== What the exercise asks ==
Beginning with the line below that contains "Faith in Action Fundraising Event" and ending with the line that contains "QUAY HOUSE, CHRISTCHURCH", retype every line exactly. Pictures are not copied.

Top of Provided records

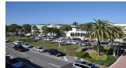
John Ringling Boulevard, St. Armands Key

We are thankful that our long term minded philosophy has provided us a far better position to approach the years of recession as an opportunity to improve. We also thank our Partners for their trust and confidence throughout the years.
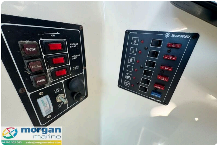
Merry Fisher 625 - Isolators
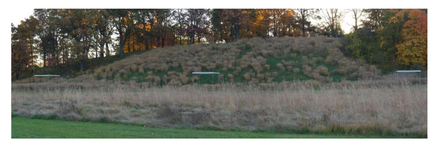
David von Schlegell (American, 1920–1992). Untitled, 1972. Aluminum and stainless steel, 20 ft. x 25 ft. 4 in. x 16 ft. (609.6 x 772.2 x 487.7 cm. Purchased with the aid of funds from the National Endowment for the Arts and gift of the Ralph E. Ogden Foundation. ©Estate of David von Schlegell.
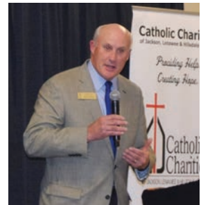
Faith in Action Fundraising Event
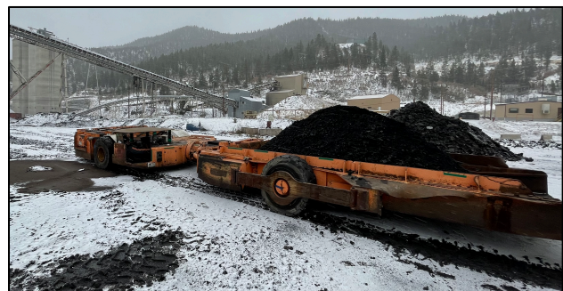
Battery powered hauler being tested at New Elk
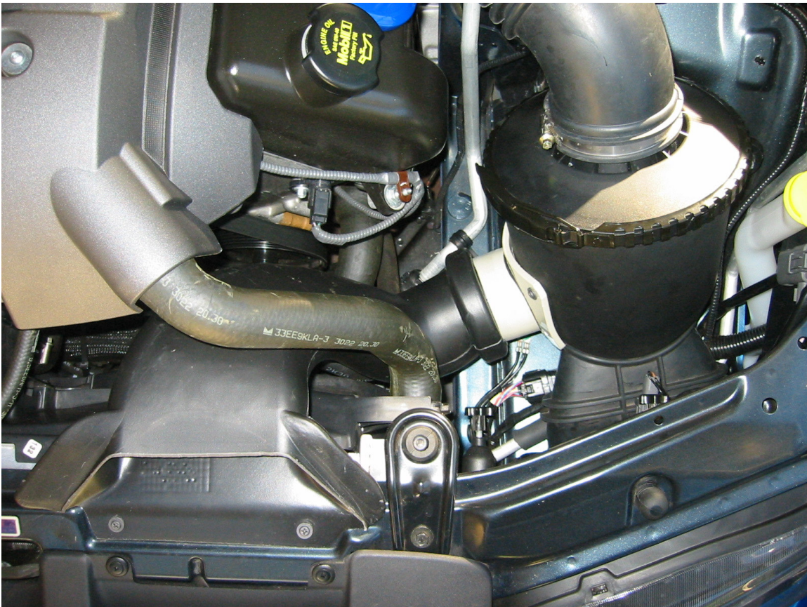
Completed Air Intake installation
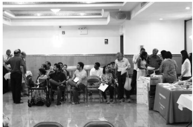
Health Fair Sunday, July 8 th , 2018
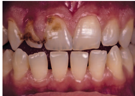
Fig. 11 The benefits of scaling and polishing for the teeth and gingivae are clearly evident in this image
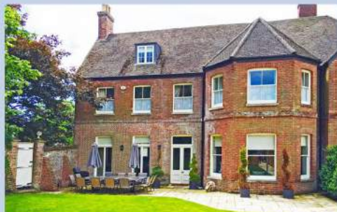
QUAY HOUSE, CHRISTCHURCH

A Georgian 3 storey, 6 bedroom, 4 bathroom (3 en-suite), townhouse which sleeps 15, with a large garden and off road parking for 4 cars.
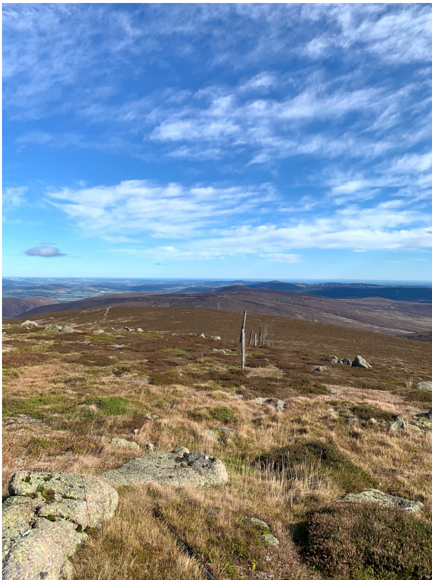
Looking North-east from the summit
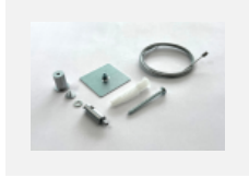
145-50300, N wire suspension 2000mm - 1 pc + metal handle
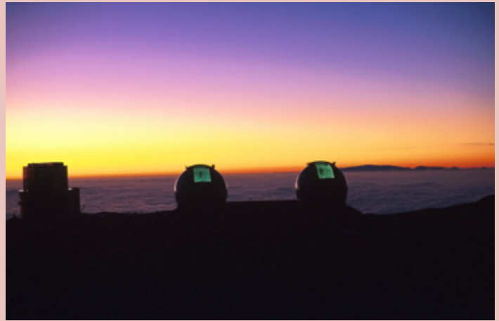
How would you like to work here?

Attributes of a good PhD student include a passion for research, a high level of motivation, well organized, and good verbal and written skills. As a student you will probably be working more than 40 hours a week (think apprentice), so it's important to work efficiently.
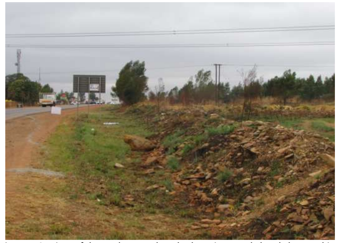
Figure 4: Sections of the road reserve has also been impacted already by trenching & earthworks.
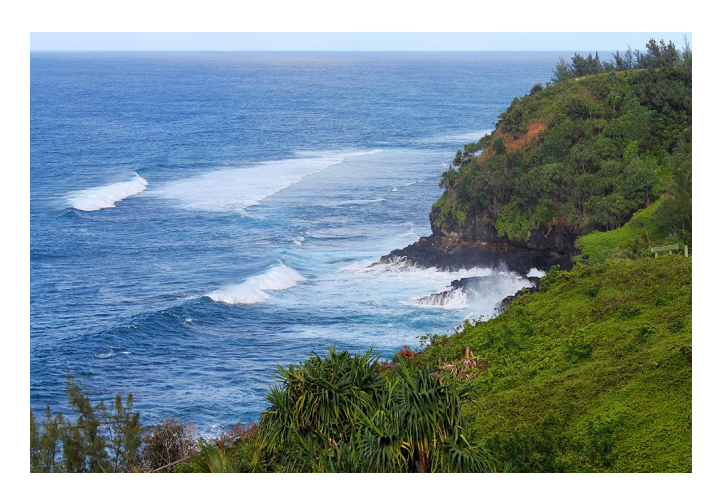
Ku Lani – Standing in Heaven – Gorgeous – View from Lanai

To Reserve, Call: (970) 223-1349 (Colorado, USA) Toll Free: 1-888-431-9406
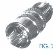
FIG. 23 RFU-643
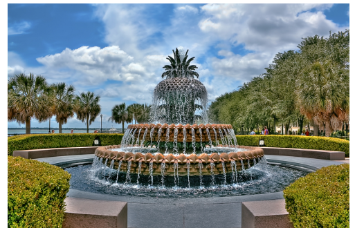
The Pineapple Fountain
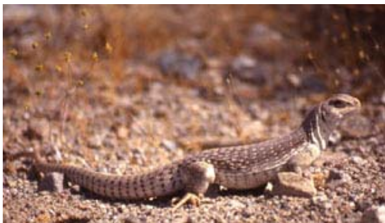
Desert iguana ( Dipsosaurus dorsalis )

Bottom of Provided records

== Response box ==
Faith in Action Fundraising Event
Battery powered hauler being tested at New Elk
Completed Air Intake installation
Health Fair Sunday, July 8 th , 2018
Fig. 11 The benefits of scaling and polishing for the teeth and gingivae are clearly evident in this image
QUAY HOUSE, CHRISTCHURCH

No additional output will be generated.